* _What you have to do_
Each line from the start of the entries through the line that contains "近一年(2024年12月31" should be output exactly, please.

[Dataset entries]
___

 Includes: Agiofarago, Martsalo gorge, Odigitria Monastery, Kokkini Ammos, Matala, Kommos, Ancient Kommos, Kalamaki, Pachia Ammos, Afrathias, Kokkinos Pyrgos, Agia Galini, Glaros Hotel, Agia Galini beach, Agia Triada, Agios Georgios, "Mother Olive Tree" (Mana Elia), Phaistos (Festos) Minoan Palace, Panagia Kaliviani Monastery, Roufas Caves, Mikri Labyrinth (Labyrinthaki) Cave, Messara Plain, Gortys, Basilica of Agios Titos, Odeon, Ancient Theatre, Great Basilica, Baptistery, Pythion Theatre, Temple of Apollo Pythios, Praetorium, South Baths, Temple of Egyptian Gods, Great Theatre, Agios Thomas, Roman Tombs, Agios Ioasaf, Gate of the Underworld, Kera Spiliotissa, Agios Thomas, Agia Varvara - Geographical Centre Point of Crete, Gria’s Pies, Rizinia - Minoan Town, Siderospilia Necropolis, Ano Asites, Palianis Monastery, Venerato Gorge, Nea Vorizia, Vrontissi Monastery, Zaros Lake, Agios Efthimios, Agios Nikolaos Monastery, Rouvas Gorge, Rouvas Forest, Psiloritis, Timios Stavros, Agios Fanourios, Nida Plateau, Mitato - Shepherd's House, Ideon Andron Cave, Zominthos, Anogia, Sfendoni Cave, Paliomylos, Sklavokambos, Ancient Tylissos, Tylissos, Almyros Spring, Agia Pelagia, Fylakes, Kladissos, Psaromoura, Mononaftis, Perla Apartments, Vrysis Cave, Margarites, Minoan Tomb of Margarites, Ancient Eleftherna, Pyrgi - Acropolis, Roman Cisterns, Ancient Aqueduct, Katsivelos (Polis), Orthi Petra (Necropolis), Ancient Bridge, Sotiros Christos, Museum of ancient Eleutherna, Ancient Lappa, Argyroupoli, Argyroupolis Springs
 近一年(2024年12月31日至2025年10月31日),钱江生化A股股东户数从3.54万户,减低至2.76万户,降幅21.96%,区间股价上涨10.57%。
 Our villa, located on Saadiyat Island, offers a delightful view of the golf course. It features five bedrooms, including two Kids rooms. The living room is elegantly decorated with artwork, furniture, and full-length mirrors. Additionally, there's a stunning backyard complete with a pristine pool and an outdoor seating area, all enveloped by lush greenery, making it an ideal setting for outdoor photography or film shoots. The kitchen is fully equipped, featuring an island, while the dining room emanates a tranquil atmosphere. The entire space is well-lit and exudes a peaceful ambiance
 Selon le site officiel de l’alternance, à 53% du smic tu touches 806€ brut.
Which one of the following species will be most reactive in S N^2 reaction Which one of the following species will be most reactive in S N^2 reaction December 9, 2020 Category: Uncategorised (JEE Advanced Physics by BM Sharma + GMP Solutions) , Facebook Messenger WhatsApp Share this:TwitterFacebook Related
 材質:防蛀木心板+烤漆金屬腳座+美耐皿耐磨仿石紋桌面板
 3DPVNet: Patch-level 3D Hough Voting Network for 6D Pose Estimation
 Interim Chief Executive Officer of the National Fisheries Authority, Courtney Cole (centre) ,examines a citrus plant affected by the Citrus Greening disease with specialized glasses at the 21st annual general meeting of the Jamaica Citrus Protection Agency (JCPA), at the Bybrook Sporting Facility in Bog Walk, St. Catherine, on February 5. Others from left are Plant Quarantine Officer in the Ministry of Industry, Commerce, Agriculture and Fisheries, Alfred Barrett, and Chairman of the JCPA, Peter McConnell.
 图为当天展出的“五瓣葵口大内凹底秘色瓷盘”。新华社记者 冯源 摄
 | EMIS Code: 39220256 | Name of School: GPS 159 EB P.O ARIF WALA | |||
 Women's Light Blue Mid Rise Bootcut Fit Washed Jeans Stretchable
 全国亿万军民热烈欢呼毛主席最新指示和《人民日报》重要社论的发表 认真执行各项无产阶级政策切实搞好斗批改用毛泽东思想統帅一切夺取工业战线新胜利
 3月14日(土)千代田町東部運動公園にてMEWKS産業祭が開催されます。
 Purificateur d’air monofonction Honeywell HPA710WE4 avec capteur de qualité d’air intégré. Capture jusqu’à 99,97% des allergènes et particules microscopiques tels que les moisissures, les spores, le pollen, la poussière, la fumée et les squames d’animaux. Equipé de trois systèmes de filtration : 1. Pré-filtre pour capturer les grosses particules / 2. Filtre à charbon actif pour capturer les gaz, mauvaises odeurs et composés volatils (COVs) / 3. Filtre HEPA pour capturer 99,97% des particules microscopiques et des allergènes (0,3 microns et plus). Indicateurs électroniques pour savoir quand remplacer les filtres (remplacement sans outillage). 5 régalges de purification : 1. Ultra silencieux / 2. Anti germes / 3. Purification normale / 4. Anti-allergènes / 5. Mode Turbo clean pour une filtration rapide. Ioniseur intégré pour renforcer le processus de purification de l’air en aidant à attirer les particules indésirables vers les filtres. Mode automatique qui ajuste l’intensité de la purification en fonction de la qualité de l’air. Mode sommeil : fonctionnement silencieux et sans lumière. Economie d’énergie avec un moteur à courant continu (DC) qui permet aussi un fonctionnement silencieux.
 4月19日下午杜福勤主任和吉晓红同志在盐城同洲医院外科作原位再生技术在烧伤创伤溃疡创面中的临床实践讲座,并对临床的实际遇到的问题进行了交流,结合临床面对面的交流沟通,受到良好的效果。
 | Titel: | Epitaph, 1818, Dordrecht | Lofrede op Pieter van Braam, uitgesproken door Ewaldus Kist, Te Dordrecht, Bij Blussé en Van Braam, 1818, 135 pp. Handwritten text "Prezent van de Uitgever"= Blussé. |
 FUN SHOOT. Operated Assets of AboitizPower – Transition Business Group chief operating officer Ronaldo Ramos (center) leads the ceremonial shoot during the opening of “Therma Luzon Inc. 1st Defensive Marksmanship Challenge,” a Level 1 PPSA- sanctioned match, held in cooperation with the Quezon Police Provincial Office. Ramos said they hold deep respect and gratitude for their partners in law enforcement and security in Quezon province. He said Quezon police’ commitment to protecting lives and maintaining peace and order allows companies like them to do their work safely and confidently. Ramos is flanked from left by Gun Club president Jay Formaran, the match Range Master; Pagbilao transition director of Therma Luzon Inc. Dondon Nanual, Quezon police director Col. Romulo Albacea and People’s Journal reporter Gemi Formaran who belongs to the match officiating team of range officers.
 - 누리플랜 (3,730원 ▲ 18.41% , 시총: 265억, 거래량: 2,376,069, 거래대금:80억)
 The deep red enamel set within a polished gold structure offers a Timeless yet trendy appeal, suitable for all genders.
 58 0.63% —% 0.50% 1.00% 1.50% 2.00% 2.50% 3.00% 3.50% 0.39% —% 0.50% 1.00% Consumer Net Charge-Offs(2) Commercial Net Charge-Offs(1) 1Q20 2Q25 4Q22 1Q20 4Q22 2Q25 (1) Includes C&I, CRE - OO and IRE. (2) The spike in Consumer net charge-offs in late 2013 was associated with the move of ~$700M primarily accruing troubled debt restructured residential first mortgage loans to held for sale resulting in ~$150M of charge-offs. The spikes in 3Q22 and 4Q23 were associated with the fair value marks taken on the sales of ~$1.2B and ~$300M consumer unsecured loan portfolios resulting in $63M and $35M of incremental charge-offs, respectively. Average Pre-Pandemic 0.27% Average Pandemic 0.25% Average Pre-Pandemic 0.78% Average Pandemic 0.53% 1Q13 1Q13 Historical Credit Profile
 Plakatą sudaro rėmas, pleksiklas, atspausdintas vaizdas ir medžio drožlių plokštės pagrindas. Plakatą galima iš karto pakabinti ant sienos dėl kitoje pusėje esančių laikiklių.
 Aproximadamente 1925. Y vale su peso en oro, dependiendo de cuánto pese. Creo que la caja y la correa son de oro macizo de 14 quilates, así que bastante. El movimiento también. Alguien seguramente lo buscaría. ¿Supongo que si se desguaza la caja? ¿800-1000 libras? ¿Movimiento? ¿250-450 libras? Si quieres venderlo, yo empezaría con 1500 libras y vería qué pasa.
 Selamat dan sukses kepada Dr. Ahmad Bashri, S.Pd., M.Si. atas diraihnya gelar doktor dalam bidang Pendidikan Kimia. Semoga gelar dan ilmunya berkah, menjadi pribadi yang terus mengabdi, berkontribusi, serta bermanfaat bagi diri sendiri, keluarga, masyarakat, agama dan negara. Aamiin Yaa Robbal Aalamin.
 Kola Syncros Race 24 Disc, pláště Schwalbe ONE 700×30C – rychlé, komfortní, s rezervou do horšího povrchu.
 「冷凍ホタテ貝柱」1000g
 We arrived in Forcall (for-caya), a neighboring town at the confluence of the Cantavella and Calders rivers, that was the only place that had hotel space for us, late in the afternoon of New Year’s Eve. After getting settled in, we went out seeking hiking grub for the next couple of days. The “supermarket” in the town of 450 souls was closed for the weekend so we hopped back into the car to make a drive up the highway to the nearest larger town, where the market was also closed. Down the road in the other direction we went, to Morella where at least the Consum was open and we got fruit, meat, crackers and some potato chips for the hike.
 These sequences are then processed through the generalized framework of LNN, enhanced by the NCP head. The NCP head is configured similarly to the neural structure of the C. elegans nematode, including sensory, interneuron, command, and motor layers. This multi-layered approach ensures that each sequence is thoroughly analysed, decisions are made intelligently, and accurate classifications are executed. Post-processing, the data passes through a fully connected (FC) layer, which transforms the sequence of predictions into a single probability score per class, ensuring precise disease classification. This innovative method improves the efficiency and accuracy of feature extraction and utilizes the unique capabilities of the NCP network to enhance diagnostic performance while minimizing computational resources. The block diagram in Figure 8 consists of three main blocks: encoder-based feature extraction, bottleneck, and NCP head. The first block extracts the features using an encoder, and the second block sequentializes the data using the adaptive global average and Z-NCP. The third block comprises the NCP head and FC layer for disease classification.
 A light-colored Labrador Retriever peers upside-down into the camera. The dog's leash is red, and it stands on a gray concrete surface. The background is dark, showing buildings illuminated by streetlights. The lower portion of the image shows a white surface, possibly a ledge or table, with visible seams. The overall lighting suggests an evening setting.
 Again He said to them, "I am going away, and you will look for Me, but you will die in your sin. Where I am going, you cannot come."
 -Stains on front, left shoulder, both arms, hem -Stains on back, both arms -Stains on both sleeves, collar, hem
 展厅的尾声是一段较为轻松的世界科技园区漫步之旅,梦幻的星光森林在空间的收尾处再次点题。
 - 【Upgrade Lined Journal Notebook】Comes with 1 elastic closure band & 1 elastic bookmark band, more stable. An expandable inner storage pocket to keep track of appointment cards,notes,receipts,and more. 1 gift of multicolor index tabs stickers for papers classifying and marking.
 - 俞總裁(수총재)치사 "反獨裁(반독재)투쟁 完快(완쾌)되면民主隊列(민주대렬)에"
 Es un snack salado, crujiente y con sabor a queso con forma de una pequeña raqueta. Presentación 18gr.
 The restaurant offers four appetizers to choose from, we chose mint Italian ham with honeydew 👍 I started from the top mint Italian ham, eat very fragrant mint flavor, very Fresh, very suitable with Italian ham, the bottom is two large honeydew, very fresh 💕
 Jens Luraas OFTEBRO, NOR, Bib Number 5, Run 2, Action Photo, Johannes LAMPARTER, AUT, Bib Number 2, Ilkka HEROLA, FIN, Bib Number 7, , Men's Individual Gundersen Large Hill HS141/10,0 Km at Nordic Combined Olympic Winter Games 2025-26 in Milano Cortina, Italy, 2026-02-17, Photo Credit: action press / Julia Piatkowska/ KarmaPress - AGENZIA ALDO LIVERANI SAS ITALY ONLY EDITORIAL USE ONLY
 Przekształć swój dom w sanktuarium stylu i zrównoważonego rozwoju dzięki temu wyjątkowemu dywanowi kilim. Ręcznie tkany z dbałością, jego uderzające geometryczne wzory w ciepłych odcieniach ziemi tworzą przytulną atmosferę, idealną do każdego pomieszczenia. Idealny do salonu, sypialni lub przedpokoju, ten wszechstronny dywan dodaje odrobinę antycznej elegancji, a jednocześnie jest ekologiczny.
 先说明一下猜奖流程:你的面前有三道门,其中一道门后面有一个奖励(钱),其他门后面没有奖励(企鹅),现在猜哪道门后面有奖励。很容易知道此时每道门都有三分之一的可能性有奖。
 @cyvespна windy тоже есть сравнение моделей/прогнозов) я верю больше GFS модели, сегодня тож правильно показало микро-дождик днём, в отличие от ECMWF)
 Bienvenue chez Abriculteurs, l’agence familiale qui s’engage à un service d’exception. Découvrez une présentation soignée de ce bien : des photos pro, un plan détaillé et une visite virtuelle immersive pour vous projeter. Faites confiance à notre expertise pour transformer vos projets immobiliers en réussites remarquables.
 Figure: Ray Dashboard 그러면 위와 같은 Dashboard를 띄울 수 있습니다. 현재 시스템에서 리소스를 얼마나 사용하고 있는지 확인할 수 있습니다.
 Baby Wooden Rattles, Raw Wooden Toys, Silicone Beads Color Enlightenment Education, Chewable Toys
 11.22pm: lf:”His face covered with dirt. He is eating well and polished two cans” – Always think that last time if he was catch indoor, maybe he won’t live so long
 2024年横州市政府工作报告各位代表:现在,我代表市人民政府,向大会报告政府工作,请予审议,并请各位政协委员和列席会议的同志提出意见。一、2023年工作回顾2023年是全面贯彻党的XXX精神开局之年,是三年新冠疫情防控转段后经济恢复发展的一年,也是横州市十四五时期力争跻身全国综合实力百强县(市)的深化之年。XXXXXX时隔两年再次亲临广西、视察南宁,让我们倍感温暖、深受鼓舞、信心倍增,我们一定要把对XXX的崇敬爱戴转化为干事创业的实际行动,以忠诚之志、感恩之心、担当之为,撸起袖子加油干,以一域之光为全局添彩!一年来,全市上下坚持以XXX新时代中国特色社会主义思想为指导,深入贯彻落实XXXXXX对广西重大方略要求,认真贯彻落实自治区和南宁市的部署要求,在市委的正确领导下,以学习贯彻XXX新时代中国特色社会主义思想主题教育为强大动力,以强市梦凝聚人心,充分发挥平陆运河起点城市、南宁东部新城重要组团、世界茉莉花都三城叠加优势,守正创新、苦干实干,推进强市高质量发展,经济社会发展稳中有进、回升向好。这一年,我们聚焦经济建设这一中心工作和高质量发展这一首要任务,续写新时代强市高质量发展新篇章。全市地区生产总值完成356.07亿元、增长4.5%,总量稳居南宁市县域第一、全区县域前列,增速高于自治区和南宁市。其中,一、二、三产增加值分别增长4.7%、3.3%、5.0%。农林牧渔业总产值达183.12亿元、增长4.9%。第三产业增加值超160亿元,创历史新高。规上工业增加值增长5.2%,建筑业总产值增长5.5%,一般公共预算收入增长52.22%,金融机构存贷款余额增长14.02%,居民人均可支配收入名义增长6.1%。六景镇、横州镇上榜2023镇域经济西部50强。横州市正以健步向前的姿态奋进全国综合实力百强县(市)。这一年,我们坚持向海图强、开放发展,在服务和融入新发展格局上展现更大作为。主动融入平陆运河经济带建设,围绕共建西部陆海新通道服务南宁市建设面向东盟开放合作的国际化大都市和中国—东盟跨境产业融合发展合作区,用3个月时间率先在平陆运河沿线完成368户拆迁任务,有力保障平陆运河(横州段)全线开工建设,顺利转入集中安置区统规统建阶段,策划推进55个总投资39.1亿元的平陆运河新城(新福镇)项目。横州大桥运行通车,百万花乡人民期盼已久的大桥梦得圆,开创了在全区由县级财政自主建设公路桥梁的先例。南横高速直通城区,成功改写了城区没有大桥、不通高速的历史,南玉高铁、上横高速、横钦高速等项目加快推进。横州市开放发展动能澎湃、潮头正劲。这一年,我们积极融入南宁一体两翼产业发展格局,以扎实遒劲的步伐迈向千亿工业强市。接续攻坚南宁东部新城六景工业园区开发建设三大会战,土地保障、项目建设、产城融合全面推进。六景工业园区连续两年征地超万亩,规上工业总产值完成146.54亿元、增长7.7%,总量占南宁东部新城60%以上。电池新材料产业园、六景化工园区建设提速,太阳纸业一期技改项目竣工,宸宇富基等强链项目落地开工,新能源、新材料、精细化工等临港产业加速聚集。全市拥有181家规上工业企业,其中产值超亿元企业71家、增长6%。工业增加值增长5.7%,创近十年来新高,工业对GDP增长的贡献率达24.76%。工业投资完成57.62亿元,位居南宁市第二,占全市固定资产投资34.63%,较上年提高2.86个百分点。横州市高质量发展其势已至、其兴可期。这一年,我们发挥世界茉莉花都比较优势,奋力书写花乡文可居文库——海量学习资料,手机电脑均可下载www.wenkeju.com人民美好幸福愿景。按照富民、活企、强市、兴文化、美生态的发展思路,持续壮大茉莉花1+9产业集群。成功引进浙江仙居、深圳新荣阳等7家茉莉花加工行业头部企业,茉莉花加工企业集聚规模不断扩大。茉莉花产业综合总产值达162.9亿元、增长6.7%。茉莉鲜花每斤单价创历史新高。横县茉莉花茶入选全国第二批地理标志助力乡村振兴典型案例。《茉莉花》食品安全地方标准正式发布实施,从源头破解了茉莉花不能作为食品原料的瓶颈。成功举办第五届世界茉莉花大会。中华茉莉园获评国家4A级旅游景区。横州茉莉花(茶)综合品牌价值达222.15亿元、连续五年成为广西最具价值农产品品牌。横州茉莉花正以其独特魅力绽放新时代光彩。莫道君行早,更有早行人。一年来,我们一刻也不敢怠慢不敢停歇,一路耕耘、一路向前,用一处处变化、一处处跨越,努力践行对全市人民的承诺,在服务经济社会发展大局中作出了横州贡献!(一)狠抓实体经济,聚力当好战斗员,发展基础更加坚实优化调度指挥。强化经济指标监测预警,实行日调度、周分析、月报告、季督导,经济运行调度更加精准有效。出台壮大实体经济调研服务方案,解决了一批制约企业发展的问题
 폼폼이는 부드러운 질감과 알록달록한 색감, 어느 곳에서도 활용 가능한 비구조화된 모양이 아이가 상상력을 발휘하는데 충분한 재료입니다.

___

* _Answer section_
 Includes: Agiofarago, Martsalo gorge, Odigitria Monastery, Kokkini Ammos, Matala, Kommos, Ancient Kommos, Kalamaki, Pachia Ammos, Afrathias, Kokkinos Pyrgos, Agia Galini, Glaros Hotel, Agia Galini beach, Agia Triada, Agios Georgios, "Mother Olive Tree" (Mana Elia), Phaistos (Festos) Minoan Palace, Panagia Kaliviani Monastery, Roufas Caves, Mikri Labyrinth (Labyrinthaki) Cave, Messara Plain, Gortys, Basilica of Agios Titos, Odeon, Ancient Theatre, Great Basilica, Baptistery, Pythion Theatre, Temple of Apollo Pythios, Praetorium, South Baths, Temple of Egyptian Gods, Great Theatre, Agios Thomas, Roman Tombs, Agios Ioasaf, Gate of the Underworld, Kera Spiliotissa, Agios Thomas, Agia Varvara - Geographical Centre Point of Crete, Gria’s Pies, Rizinia - Minoan Town, Siderospilia Necropolis, Ano Asites, Palianis Monastery, Venerato Gorge, Nea Vorizia, Vrontissi Monastery, Zaros Lake, Agios Efthimios, Agios Nikolaos Monastery, Rouvas Gorge, Rouvas Forest, Psiloritis, Timios Stavros, Agios Fanourios, Nida Plateau, Mitato - Shepherd's House, Ideon Andron Cave, Zominthos, Anogia, Sfendoni Cave, Paliomylos, Sklavokambos, Ancient Tylissos, Tylissos, Almyros Spring, Agia Pelagia, Fylakes, Kladissos, Psaromoura, Mononaftis, Perla Apartments, Vrysis Cave, Margarites, Minoan Tomb of Margarites, Ancient Eleftherna, Pyrgi - Acropolis, Roman Cisterns, Ancient Aqueduct, Katsivelos (Polis), Orthi Petra (Necropolis), Ancient Bridge, Sotiros Christos, Museum of ancient Eleutherna, Ancient Lappa, Argyroupoli, Argyroupolis Springs
 近一年(2024年12月31日至2025年10月31日),钱江生化A股股东户数从3.54万户,减低至2.76万户,降幅21.96%,区间股价上涨10.57%。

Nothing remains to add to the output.